The decision also will have no bearing on federal milk marketing orders (FMMOs), which have roots in the same wave of New Deal legislation aimed at helping producers market their products. However, milk orders came under fire recently from a group of consumer, taxpayer and small business groups allied with the International Dairy Foods Association.
In response to a USDA Agricultural Marketing Service request for comments, the groups questioned the “continued need for the depression era” orders that, they said, raise the price of milk and “have a negative effect on the income and food benefits of federal food program recipients and raise taxpayer costs of government feeding programs that include milk.” Among the critics are long-time critics of farm programs including Citizens Against Government Waste and Taxpayers for Common Sense. The Consumer Federation of America also joined the letter.
“The FMMO system puts a premium on fluid milk prices, which, as shown by academic studies, contributes to higher business costs and declining milk consumption,” says a separate letter filed by the Food Marketing Institute and a number of state grocers associations.
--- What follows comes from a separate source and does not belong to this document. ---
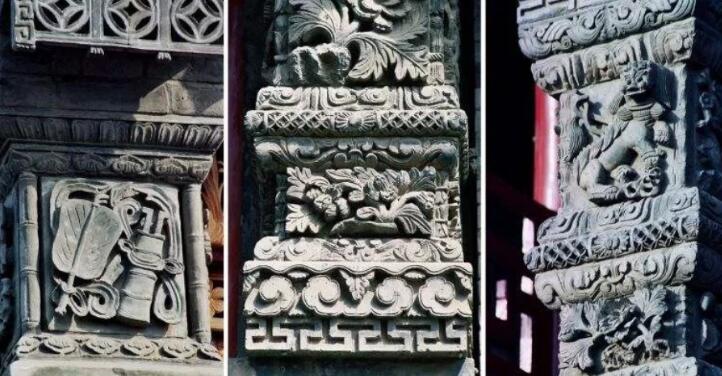 墀頭的裝飾簡(jiǎn)繁不一,簡(jiǎn)單的則全無(wú)雕飾,只疊合多層梟混線。而復(fù)雜的基本涵蓋了中國(guó)傳統(tǒng)文化中各類吉祥圖案,而且許多院落內(nèi)的墀頭中的圖案往往取材于同一類吉祥圖案或同一組人物故事,具有明顯的連貫性和統(tǒng)一性。

Only two days later, Trevor Burrus, a research fellow at the Cato Institute’s Center for Constitutional Studies, added an even more caustic critique of both the raisin and milk marketing orders. Of the order before the Supreme Court, he wrote, “Think of it as a raisin cartel, a raisin OPEC.” Milk marketing orders, Burrus argued, are “a convoluted system of managed competition, a tangled web of subsidies and regulations where playing politics can be more important than being a good businessman who serves his customers well.”
USDA is currently weighing the petition of a group of milk producers in California to create a marketing order within the state. Dairy processors are opposing the petition.
The current legal challenge to marketing orders may be the most significant since the Reagan Administration, when California fruit and vegetable grower interests rallied political allies to squelch an effort by David Stockman, then director of the Office of Management and Budget, to do away with such orders. Stockman recounts in his memoir, “The Triumph of Politics,” how the late Richard E. Lyng, then deputy secretary of agriculture, and James Lake, then a lobbyist but also a former Reagan campaign press secretary, persuaded Reagan to overrule his OMB director.